___ Data to process ___
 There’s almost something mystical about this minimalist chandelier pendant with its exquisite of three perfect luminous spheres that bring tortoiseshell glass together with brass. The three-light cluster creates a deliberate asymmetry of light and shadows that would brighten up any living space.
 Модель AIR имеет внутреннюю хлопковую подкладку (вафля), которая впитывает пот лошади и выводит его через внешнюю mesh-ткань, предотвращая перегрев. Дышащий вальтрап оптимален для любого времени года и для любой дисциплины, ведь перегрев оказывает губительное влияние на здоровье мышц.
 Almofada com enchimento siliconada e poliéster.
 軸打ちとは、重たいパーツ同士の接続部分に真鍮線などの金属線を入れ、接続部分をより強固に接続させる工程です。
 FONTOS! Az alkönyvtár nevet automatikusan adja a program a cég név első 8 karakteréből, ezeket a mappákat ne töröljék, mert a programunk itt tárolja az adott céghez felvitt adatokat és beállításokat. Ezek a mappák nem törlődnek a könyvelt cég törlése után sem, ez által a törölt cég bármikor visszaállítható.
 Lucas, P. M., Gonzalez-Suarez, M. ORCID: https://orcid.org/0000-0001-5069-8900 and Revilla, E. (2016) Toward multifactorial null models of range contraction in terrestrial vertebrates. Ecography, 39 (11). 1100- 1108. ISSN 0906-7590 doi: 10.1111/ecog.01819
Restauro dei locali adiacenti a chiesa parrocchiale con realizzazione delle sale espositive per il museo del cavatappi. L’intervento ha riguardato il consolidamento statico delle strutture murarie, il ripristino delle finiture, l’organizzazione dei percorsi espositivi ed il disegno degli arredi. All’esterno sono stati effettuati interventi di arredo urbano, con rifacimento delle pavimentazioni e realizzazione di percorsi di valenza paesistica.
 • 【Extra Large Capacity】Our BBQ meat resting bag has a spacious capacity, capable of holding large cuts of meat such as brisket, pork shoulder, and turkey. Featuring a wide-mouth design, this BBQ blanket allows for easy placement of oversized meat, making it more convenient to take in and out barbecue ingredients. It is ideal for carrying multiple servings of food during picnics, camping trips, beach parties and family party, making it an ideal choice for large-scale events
___
→ **What to do**
Without altering a single word, copy the listing above.

→ **Written reply**
 There’s almost something mystical about this minimalist chandelier pendant with its exquisite of three perfect luminous spheres that bring tortoiseshell glass together with brass. The three-light cluster creates a deliberate asymmetry of light and shadows that would brighten up any living space.
 Модель AIR имеет внутреннюю хлопковую подкладку (вафля), которая впитывает пот лошади и выводит его через внешнюю mesh-ткань, предотвращая перегрев. Дышащий вальтрап оптимален для любого времени года и для любой дисциплины, ведь перегрев оказывает губительное влияние на здоровье мышц.
 Almofada com enchimento siliconada e poliéster.
 軸打ちとは、重たいパーツ同士の接続部分に真鍮線などの金属線を入れ、接続部分をより強固に接続させる工程です。
 FONTOS! Az alkönyvtár nevet automatikusan adja a program a cég név első 8 karakteréből, ezeket a mappákat ne töröljék, mert a programunk itt tárolja az adott céghez felvitt adatokat és beállításokat. Ezek a mappák nem törlődnek a könyvelt cég törlése után sem, ez által a törölt cég bármikor visszaállítható.
 Lucas, P. M., Gonzalez-Suarez, M. ORCID: https://orcid.org/0000-0001-5069-8900 and Revilla, E. (2016) Toward multifactorial null models of range contraction in terrestrial vertebrates. Ecography, 39 (11). 1100- 1108. ISSN 0906-7590 doi: 10.1111/ecog.01819
Restauro dei locali adiacenti a chiesa parrocchiale con realizzazione delle sale espositive per il museo del cavatappi. L’intervento ha riguardato il consolidamento statico delle strutture murarie, il ripristino delle finiture, l’organizzazione dei percorsi espositivi ed il disegno degli arredi. All’esterno sono stati effettuati interventi di arredo urbano, con rifacimento delle pavimentazioni e realizzazione di percorsi di valenza paesistica.
 • 【Extra Large Capacity】Our BBQ meat resting bag has a spacious capacity, capable of holding large cuts of meat such as brisket, pork shoulder, and turkey. Featuring a wide-mouth design, this BBQ blanket allows for easy placement of oversized meat, making it more convenient to take in and out barbecue ingredients. It is ideal for carrying multiple servings of food during picnics, camping trips, beach parties and family party, making it an ideal choice for large-scale events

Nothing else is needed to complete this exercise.